In the entries that follow, find the line containing "Dieses Gutachten (abe)" and the line containing "Ignite the night", then copy exactly everything from the first through the second except the pictures.

◆ Data extracts
::::::
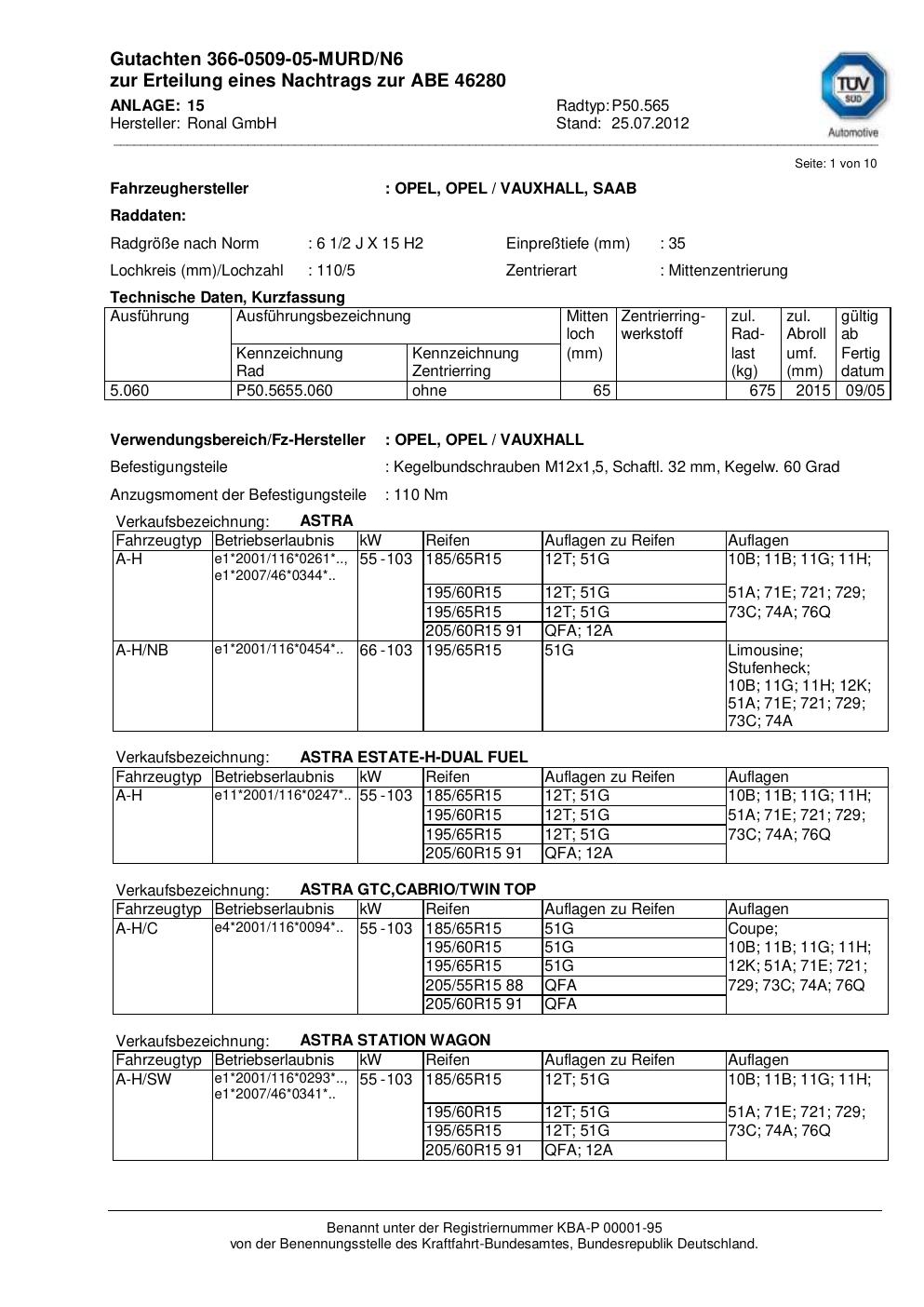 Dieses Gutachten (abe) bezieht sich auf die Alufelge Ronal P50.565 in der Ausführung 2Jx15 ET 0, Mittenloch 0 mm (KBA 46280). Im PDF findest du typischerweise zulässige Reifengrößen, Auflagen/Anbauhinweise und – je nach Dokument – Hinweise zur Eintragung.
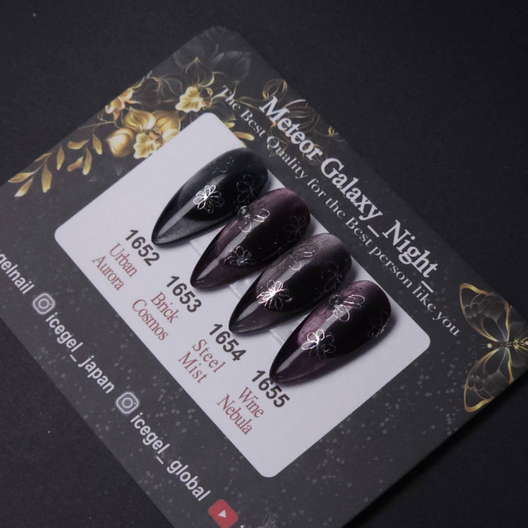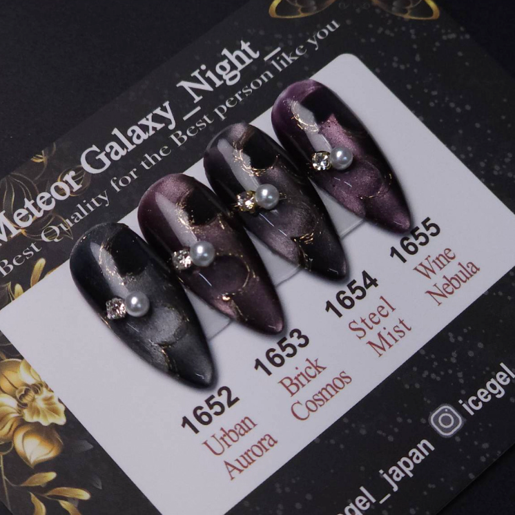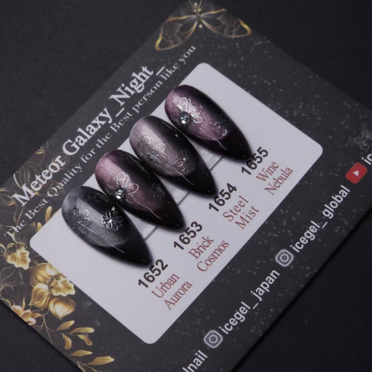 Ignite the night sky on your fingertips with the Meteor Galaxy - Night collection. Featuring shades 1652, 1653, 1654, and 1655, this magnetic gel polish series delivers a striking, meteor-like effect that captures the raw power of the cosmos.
::::::
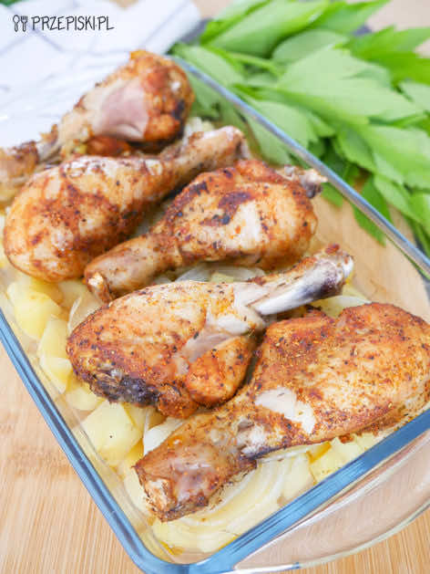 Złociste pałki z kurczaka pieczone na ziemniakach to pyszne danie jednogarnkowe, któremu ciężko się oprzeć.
::::::
◆ Answer to this task
 Dieses Gutachten (abe) bezieht sich auf die Alufelge Ronal P50.565 in der Ausführung 2Jx15 ET 0, Mittenloch 0 mm (KBA 46280). Im PDF findest du typischerweise zulässige Reifengrößen, Auflagen/Anbauhinweise und – je nach Dokument – Hinweise zur Eintragung.
 Ignite the night sky on your fingertips with the Meteor Galaxy - Night collection. Featuring shades 1652, 1653, 1654, and 1655, this magnetic gel polish series delivers a striking, meteor-like effect that captures the raw power of the cosmos.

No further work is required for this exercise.